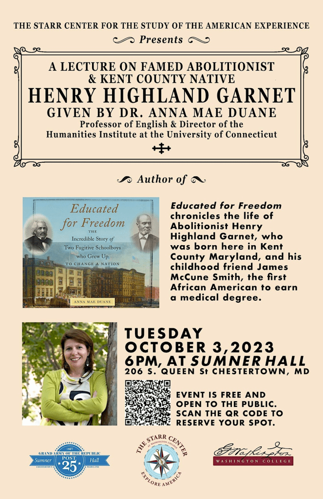 October 2, 2023: I’m heading to the birthplace of Henry Highland Garnet today. Many thanks to Jason Patterson and the Starr Center for the Study of the American Experience (at Washington College) for the invitation. I’m deeply honored to have the opportunity to speak about Henry Highland Garnet in the county where he was born. If you are in the area, please stop by!
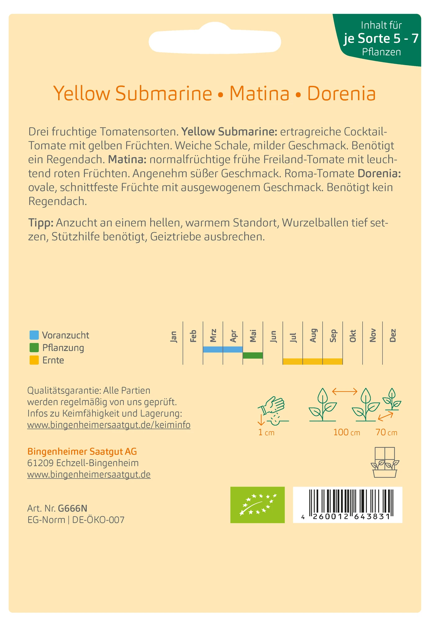 Drei fruchtige Tomatensorten. Yellow Submarine: ertragreiche Cocktail-Tomate mit gelben Früchten. Weiche Schale, milder Geschmack. Benötigt ein Regendach. Matina: normalfrüchtige frühe Freiland-Tomate mit leuchtend roten Früchten. Angenehm süßer Geschmack. Roma-Tomate Dorenia: ovale, schnittfeste Früchte mit ausgewogenem Geschmack. Benötigt kein Regendach.
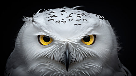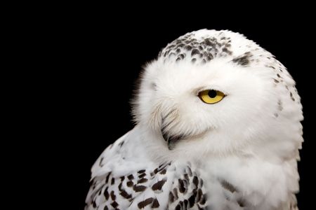 Portrait of a snowy owl on a black background close-up
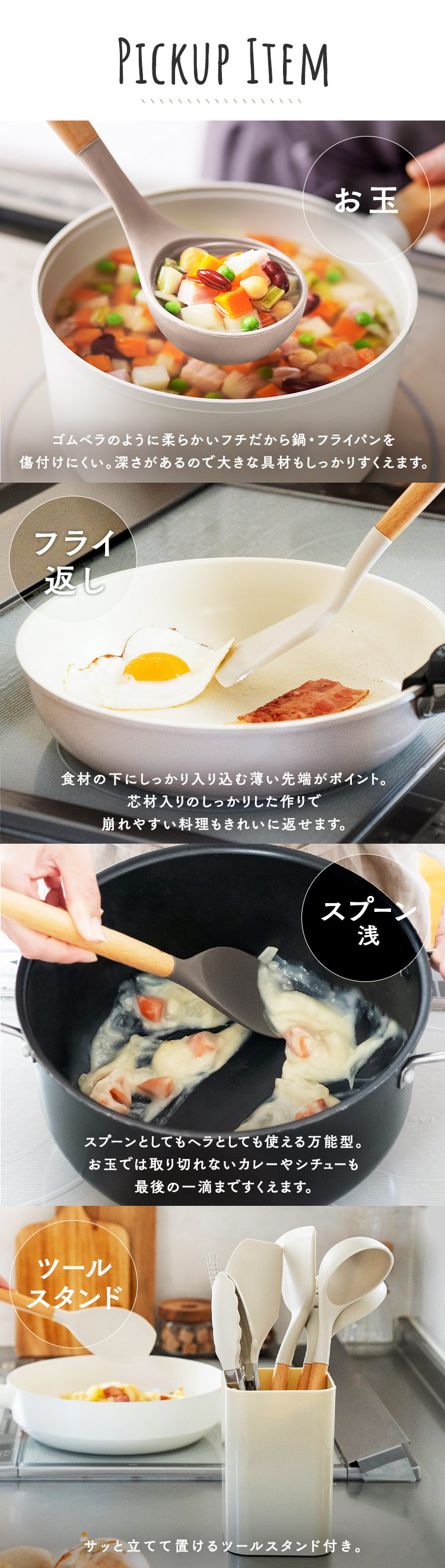 コーティングを傷つけにくく、フライパンも鍋も長持ち。
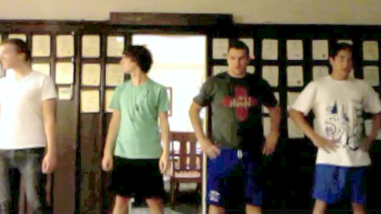 College men dance to Lady Gaga and one man falls hard off of another's shoulders. (2103)
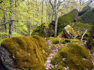Cestou po hrebeni sa nám naskytli krásne pohľady na Kráľovu hoľu, Volovské vrchy, Slovenský kras, ale aj na južnú časť hraníc s Maďarskom. Čas na smerovníku zo Železníka do Rákoša síce ukazoval 40 min., ale nám to trvalo o niečo dlhšie. Žltá značka nás priviedla k takej nádhere, od ktorej sme sa dlho nevedeli odpútať. Mohutné, machom obrastené celé skaliská, či menšie skaly s množstvom otvorov. Nádhera! Jaskynné otvory z dôvodu veľkého nebezpečia boli opatrené betónovými panelmi.
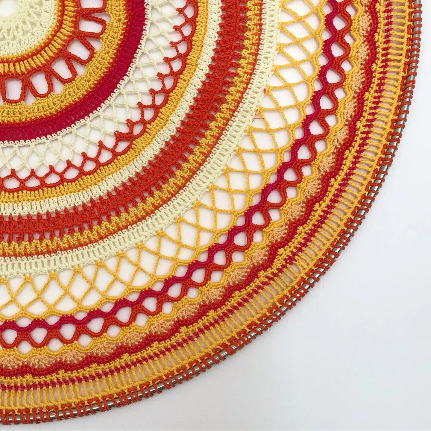 Dieses große gehäkelte Mandala lässt die Sonne auch bei Regenwetter scheinen.

• _PROBLEM REQUIREMENTS_: Repeat exactly and only the lines from the start of the data above through the line that holds "Cestou po hrebeni", inclusive. Pictures do not belong in the copy.

• _OUTPUT BELOW_:
 October 2, 2023: I’m heading to the birthplace of Henry Highland Garnet today. Many thanks to Jason Patterson and the Starr Center for the Study of the American Experience (at Washington College) for the invitation. I’m deeply honored to have the opportunity to speak about Henry Highland Garnet in the county where he was born. If you are in the area, please stop by!
 Drei fruchtige Tomatensorten. Yellow Submarine: ertragreiche Cocktail-Tomate mit gelben Früchten. Weiche Schale, milder Geschmack. Benötigt ein Regendach. Matina: normalfrüchtige frühe Freiland-Tomate mit leuchtend roten Früchten. Angenehm süßer Geschmack. Roma-Tomate Dorenia: ovale, schnittfeste Früchte mit ausgewogenem Geschmack. Benötigt kein Regendach.
 Portrait of a snowy owl on a black background close-up
 コーティングを傷つけにくく、フライパンも鍋も長持ち。
 College men dance to Lady Gaga and one man falls hard off of another's shoulders. (2103)
Cestou po hrebeni sa nám naskytli krásne pohľady na Kráľovu hoľu, Volovské vrchy, Slovenský kras, ale aj na južnú časť hraníc s Maďarskom. Čas na smerovníku zo Železníka do Rákoša síce ukazoval 40 min., ale nám to trvalo o niečo dlhšie. Žltá značka nás priviedla k takej nádhere, od ktorej sme sa dlho nevedeli odpútať. Mohutné, machom obrastené celé skaliská, či menšie skaly s množstvom otvorov. Nádhera! Jaskynné otvory z dôvodu veľkého nebezpečia boli opatrené betónovými panelmi.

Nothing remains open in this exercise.